**Extracted entries**
BEGIN

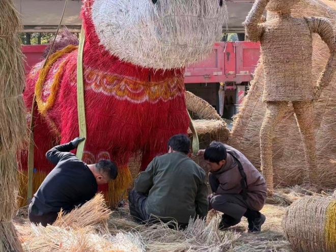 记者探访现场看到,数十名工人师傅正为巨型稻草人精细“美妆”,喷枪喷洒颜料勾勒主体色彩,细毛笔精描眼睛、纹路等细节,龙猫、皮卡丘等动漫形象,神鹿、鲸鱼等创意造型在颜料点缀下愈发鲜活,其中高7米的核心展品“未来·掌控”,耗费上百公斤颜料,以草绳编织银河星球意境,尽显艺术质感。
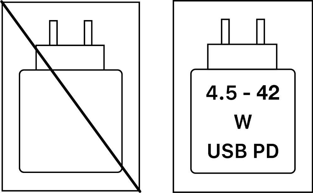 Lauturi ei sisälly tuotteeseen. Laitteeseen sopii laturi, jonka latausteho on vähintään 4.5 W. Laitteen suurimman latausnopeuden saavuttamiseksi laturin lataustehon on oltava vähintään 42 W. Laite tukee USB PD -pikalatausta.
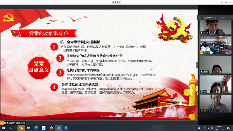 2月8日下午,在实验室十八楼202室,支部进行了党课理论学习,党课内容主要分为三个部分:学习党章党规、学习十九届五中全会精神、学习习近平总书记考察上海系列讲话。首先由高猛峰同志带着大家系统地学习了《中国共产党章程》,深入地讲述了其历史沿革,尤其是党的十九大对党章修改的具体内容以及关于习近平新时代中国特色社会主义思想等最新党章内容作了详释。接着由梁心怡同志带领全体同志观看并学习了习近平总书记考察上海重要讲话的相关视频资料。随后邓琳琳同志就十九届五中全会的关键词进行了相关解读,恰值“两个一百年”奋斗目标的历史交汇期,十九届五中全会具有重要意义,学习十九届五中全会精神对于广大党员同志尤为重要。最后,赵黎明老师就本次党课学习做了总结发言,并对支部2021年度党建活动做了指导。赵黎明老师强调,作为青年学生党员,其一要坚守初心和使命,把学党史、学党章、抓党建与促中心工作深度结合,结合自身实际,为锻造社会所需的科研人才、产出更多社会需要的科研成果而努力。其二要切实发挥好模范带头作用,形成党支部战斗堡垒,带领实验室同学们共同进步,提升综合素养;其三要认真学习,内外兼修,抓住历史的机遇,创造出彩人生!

END
BEGIN

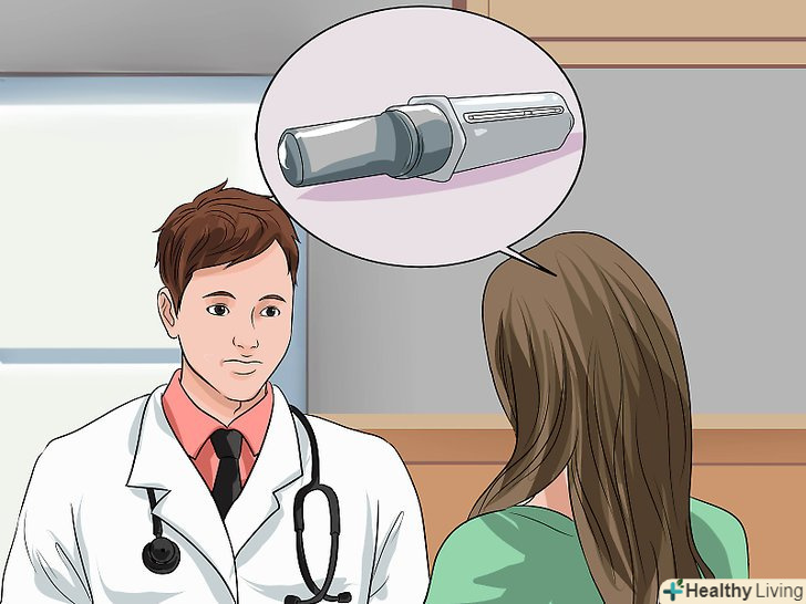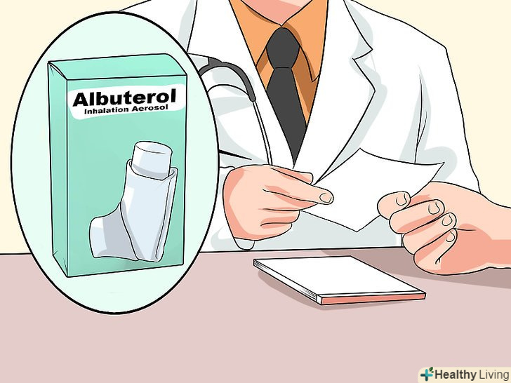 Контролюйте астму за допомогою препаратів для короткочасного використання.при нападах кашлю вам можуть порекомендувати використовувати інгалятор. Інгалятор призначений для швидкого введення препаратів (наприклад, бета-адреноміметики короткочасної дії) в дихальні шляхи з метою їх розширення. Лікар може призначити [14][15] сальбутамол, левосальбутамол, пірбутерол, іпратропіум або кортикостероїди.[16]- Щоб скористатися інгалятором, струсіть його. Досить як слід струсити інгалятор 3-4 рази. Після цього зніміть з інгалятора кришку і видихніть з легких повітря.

END

**Your objective**
Pictures are to be left out. Write out only the lines above starting at the one with "记者探访现场看到,数十名工人" and ending at the one with "2月8日下午,在实验室十八楼", both lines included, exactly.

**Response**
 记者探访现场看到,数十名工人师傅正为巨型稻草人精细“美妆”,喷枪喷洒颜料勾勒主体色彩,细毛笔精描眼睛、纹路等细节,龙猫、皮卡丘等动漫形象,神鹿、鲸鱼等创意造型在颜料点缀下愈发鲜活,其中高7米的核心展品“未来·掌控”,耗费上百公斤颜料,以草绳编织银河星球意境,尽显艺术质感。
 Lauturi ei sisälly tuotteeseen. Laitteeseen sopii laturi, jonka latausteho on vähintään 4.5 W. Laitteen suurimman latausnopeuden saavuttamiseksi laturin lataustehon on oltava vähintään 42 W. Laite tukee USB PD -pikalatausta.
 2月8日下午,在实验室十八楼202室,支部进行了党课理论学习,党课内容主要分为三个部分:学习党章党规、学习十九届五中全会精神、学习习近平总书记考察上海系列讲话。首先由高猛峰同志带着大家系统地学习了《中国共产党章程》,深入地讲述了其历史沿革,尤其是党的十九大对党章修改的具体内容以及关于习近平新时代中国特色社会主义思想等最新党章内容作了详释。接着由梁心怡同志带领全体同志观看并学习了习近平总书记考察上海重要讲话的相关视频资料。随后邓琳琳同志就十九届五中全会的关键词进行了相关解读,恰值“两个一百年”奋斗目标的历史交汇期,十九届五中全会具有重要意义,学习十九届五中全会精神对于广大党员同志尤为重要。最后,赵黎明老师就本次党课学习做了总结发言,并对支部2021年度党建活动做了指导。赵黎明老师强调,作为青年学生党员,其一要坚守初心和使命,把学党史、学党章、抓党建与促中心工作深度结合,结合自身实际,为锻造社会所需的科研人才、产出更多社会需要的科研成果而努力。其二要切实发挥好模范带头作用,形成党支部战斗堡垒,带领实验室同学们共同进步,提升综合素养;其三要认真学习,内外兼修,抓住历史的机遇,创造出彩人生!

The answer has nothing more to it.